Items from a dataset
· · · · · · ·

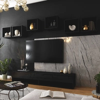 Nábytková sestava Psaru černá / černý lesk Moderní designová nástěnná skříňka do obývacího pokoje nebo obývacího pokoje s vysoce lesklými čely
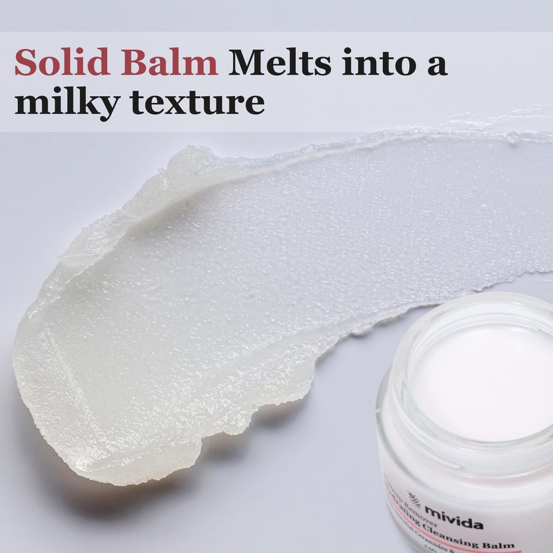 - 🌿Specially Formulated for All : mivida makeup remover balm effectively and gently remove all kinds of long-lasting makeup, including eye, lip, face makeup, and sunscreen, providing a soothing and Fresh look without any resdue. This solid cleansing balm transforms into a rich oil and then into a nourishing milky texture that rinses away effortlessly.
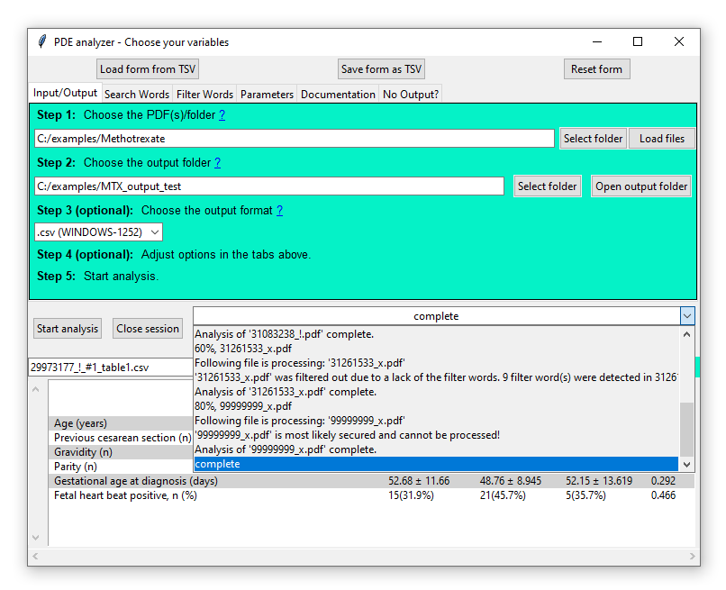 3. Extract tables: For the example we extracted all tables from the detected PDF (since each table had either the word Methotrexate or MTX in it). You can still press the button though to watch the program extract all tables into a new subfolder names extracted_tables which can be found in the PDF folder. NOTE: The table extraction only works when PDF file and TSV files are available.
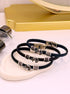 Pulseira de pele efeito entrançado com pormenores prateados.
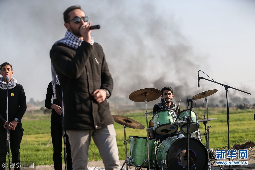 巴勒斯坦示威者與以士兵發(fā)生沖突 巴樂隊沖突中淡定開唱
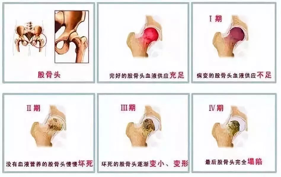0期 活检结果符合坏死,其它检查正常 I期 骨扫描或(和)MRI异常 A 轻度:<15% B 中度:15%~30% C 重度:>30% II期股骨头斑片密度不均、硬化与囊肿形成,X线片骨质密度降低,X线片或CT未见股骨头塌陷,磁共振与骨扫描异常,髋臼无改变 A 轻度:<15% B 中度:15%~30% C 重度:>30% III期正侧位片看到新月征 A 新月征长度<15%关节面或者塌陷<2mm B 新月征长度15%~30%关节面或者塌陷2~4mm C 新月征长度>30%关节面或者塌陷>4mm IV期 关节面变扁、间隙狭窄、髋臼出现坏死硬化、囊型变和边缘骨赘。 一期:病变处于早期,结果和形态无明显变化,血管过多区分,骨与骨髓均无变化。 二期:坏死进展期,可见坏死组织崩溃,且周围出现组织修复,坏死组织的形态改变更加明显,x线片可见骨硬化现象。 三期:坏死修复期:x线片上可见不规则的致密影,骨密度减低区和增高区相间。 四期:后期表现,出现股骨头塌陷,虽经修复,但是新生骨小梁排列不齐,形态不一,粗细不等。x线下关节变形激发挂关节炎表现。
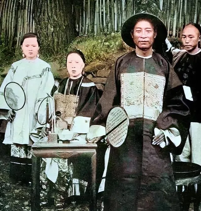 桌上摆着盏、盅、镜,旁边几把团扇叠着放,站中间的穿团龙补服,袖口里的里子是亮缎,脸上一派得意,身后竹影斑驳,场面讲究得很,现在拍全家福要修图磨皮,那时把家当摆满桌就是体面。
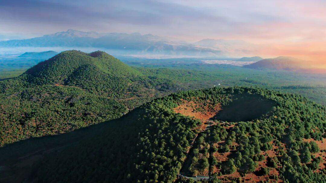 若要领略其全貌,不妨乘上热气球缓缓升空。在晨曦薄雾中,俯瞰座座火山如大地印章般嵌在绿野之上。登上大空山火山口则是另一番震撼,亲眼见证"休眠火山"的姿态。沿步道至火山口边缘,深达50米的巨型“火山碗”豁然在眼前,如今早已被绿意温柔覆盖,唯有脚下遍布的黑色火山石,仍诉说着大地深处曾有的炽烈与力量。
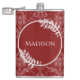 Aproveite as suas bebidas alcoólicas favoritas a qualquer momento com um "Red Elegant Damask Vinyl Wrapped Flask". O Flask design apresenta um elegante fundo úmido e espaço para adicionar o seu nome enfeitado com folhagem delicada. Itens de presentes adicionais disponíveis com este design também.
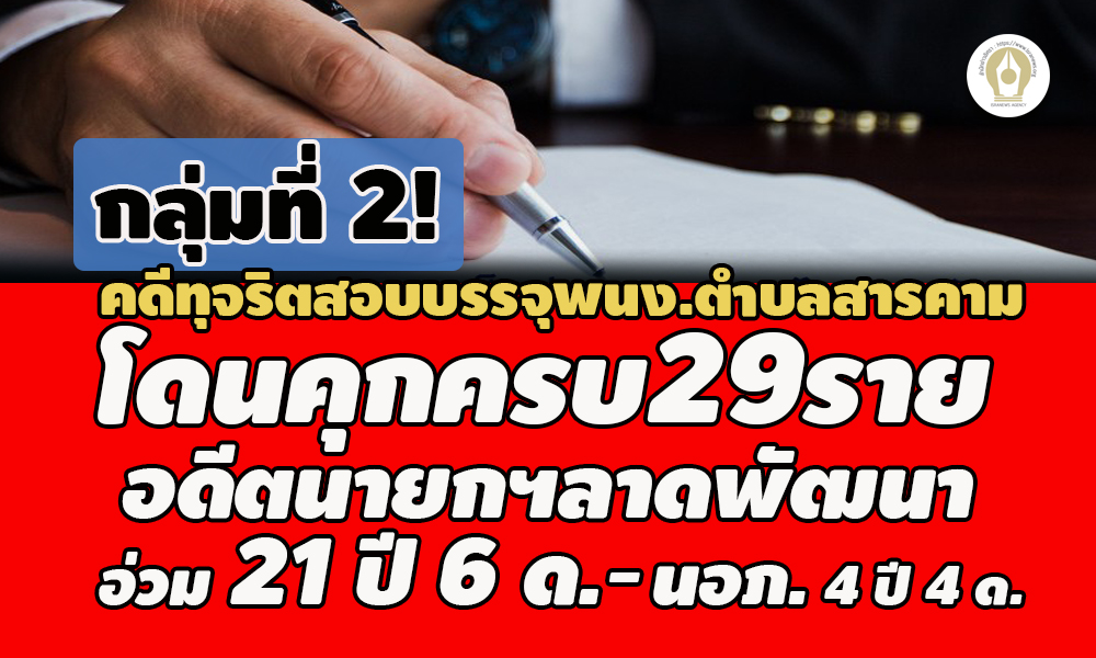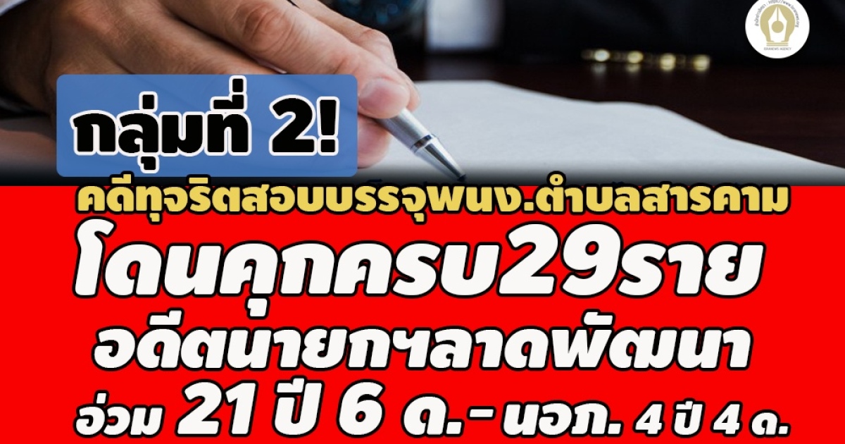 "...กรณีการทุจริตคดีนี้ ในส่วนของ นายทองใบ บาระพรม อดีตนายกองค์การบริหารส่วนตำบล (อบต.) ลาดพัฒนา อำเภอเมืองมหาสารคาม จังหวัดมหาสารคาม และพวก จำนวน 28 ราย ก็ถูกศาลตัดสินลงโทษไปแล้วเช่นกัน โดยจำเลยคนสำคัญในคดีส่วนนี้ อาทิ นายทองใบ บาระพรม อดีตนายก อบต. ลาดพัฒนา ถูกศาลตัดสินลงโทษจำคุกเป็นเวลา 21 ปี 6 เดือน , นายสมคิด มะธิปะโน จำเลยที่ 2 ครูชำนาญการพิเศษ โรงเรียนแก่งนาจารย์พิทยาคม จ.กาฬสินธุ์ จำคุก 10 ปี , นายสิทธิ์ พิพัฒน์ชัยกร อดีตนายอำเภอเมืองมหาสารคาม ถูกศาลตัดสินลงโทษจำคุกเป็นเวลา 4 ปี 4 เดือน..."
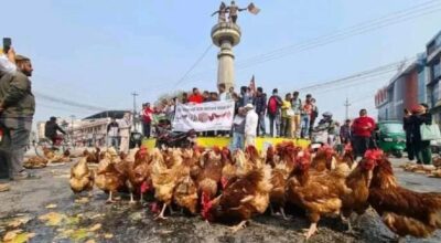 बिर्तामोड, २४ माघ । झापाका कुखुरापालक किसानहरूले जिउँदो कुखुरा तथा अण्डा सडकमा फालेर बिरोध जनाएका छन् । उत्पादित बस्तुको उचित मूल्य नपाएको भन्दै अण्डा र कुखुरा बिर्तामोडको मुक्तिचोकमा फ्याँकेर बिरोध
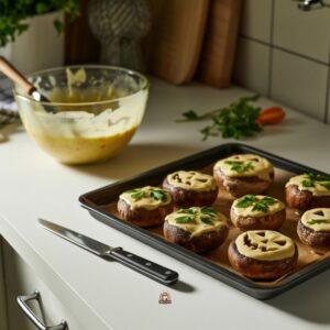 - Arrange the mushrooms on the baking sheet, ensuring they’re spaced out evenly.
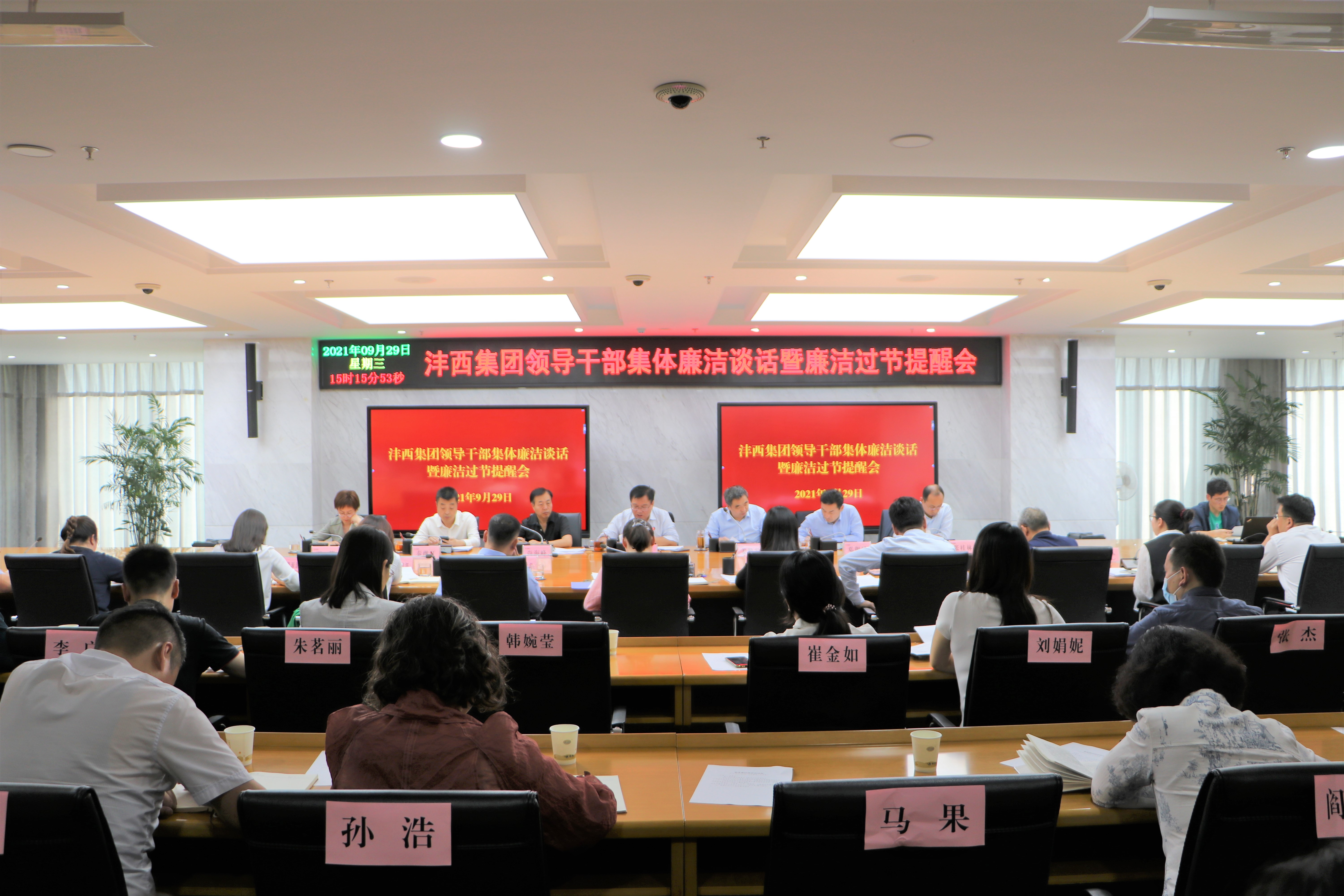 9月29日灃西集團召開集體廉潔談話暨廉潔過節提醒會,黨委書記、董事長楊建柱出席會議并講話,總經理姜勤發主持,其他在家班子成員參加。會議學習了近期上級紀檢監察機關通報的違反中央八項規定精神和“四風”問題典型案例、中央紀委國家監委在響水特別重大爆炸事故發生后徹查問題推動整改情況,部分部門、子公司主要負責人匯報本單位黨風廉政建設主體責任和個人“...

· · · · · · ·

Required action - Excluding all pictures, output exactly the lines from the line containing "巴勒斯坦示威者與以士兵發(fā)生沖突 巴樂隊沖突中淡定開唱" through the last line of the entries above.

Solution to this problem -
 巴勒斯坦示威者與以士兵發(fā)生沖突 巴樂隊沖突中淡定開唱
0期 活检结果符合坏死,其它检查正常 I期 骨扫描或(和)MRI异常 A 轻度:<15% B 中度:15%~30% C 重度:>30% II期股骨头斑片密度不均、硬化与囊肿形成,X线片骨质密度降低,X线片或CT未见股骨头塌陷,磁共振与骨扫描异常,髋臼无改变 A 轻度:<15% B 中度:15%~30% C 重度:>30% III期正侧位片看到新月征 A 新月征长度<15%关节面或者塌陷<2mm B 新月征长度15%~30%关节面或者塌陷2~4mm C 新月征长度>30%关节面或者塌陷>4mm IV期 关节面变扁、间隙狭窄、髋臼出现坏死硬化、囊型变和边缘骨赘。 一期:病变处于早期,结果和形态无明显变化,血管过多区分,骨与骨髓均无变化。 二期:坏死进展期,可见坏死组织崩溃,且周围出现组织修复,坏死组织的形态改变更加明显,x线片可见骨硬化现象。 三期:坏死修复期:x线片上可见不规则的致密影,骨密度减低区和增高区相间。 四期:后期表现,出现股骨头塌陷,虽经修复,但是新生骨小梁排列不齐,形态不一,粗细不等。x线下关节变形激发挂关节炎表现。
 桌上摆着盏、盅、镜,旁边几把团扇叠着放,站中间的穿团龙补服,袖口里的里子是亮缎,脸上一派得意,身后竹影斑驳,场面讲究得很,现在拍全家福要修图磨皮,那时把家当摆满桌就是体面。
 若要领略其全貌,不妨乘上热气球缓缓升空。在晨曦薄雾中,俯瞰座座火山如大地印章般嵌在绿野之上。登上大空山火山口则是另一番震撼,亲眼见证"休眠火山"的姿态。沿步道至火山口边缘,深达50米的巨型“火山碗”豁然在眼前,如今早已被绿意温柔覆盖,唯有脚下遍布的黑色火山石,仍诉说着大地深处曾有的炽烈与力量。
 Aproveite as suas bebidas alcoólicas favoritas a qualquer momento com um "Red Elegant Damask Vinyl Wrapped Flask". O Flask design apresenta um elegante fundo úmido e espaço para adicionar o seu nome enfeitado com folhagem delicada. Itens de presentes adicionais disponíveis com este design também.
 "...กรณีการทุจริตคดีนี้ ในส่วนของ นายทองใบ บาระพรม อดีตนายกองค์การบริหารส่วนตำบล (อบต.) ลาดพัฒนา อำเภอเมืองมหาสารคาม จังหวัดมหาสารคาม และพวก จำนวน 28 ราย ก็ถูกศาลตัดสินลงโทษไปแล้วเช่นกัน โดยจำเลยคนสำคัญในคดีส่วนนี้ อาทิ นายทองใบ บาระพรม อดีตนายก อบต. ลาดพัฒนา ถูกศาลตัดสินลงโทษจำคุกเป็นเวลา 21 ปี 6 เดือน , นายสมคิด มะธิปะโน จำเลยที่ 2 ครูชำนาญการพิเศษ โรงเรียนแก่งนาจารย์พิทยาคม จ.กาฬสินธุ์ จำคุก 10 ปี , นายสิทธิ์ พิพัฒน์ชัยกร อดีตนายอำเภอเมืองมหาสารคาม ถูกศาลตัดสินลงโทษจำคุกเป็นเวลา 4 ปี 4 เดือน..."
 बिर्तामोड, २४ माघ । झापाका कुखुरापालक किसानहरूले जिउँदो कुखुरा तथा अण्डा सडकमा फालेर बिरोध जनाएका छन् । उत्पादित बस्तुको उचित मूल्य नपाएको भन्दै अण्डा र कुखुरा बिर्तामोडको मुक्तिचोकमा फ्याँकेर बिरोध
 - Arrange the mushrooms on the baking sheet, ensuring they’re spaced out evenly.
 9月29日灃西集團召開集體廉潔談話暨廉潔過節提醒會,黨委書記、董事長楊建柱出席會議并講話,總經理姜勤發主持,其他在家班子成員參加。會議學習了近期上級紀檢監察機關通報的違反中央八項規定精神和“四風”問題典型案例、中央紀委國家監委在響水特別重大爆炸事故發生后徹查問題推動整改情況,部分部門、子公司主要負責人匯報本單位黨風廉政建設主體責任和個人“...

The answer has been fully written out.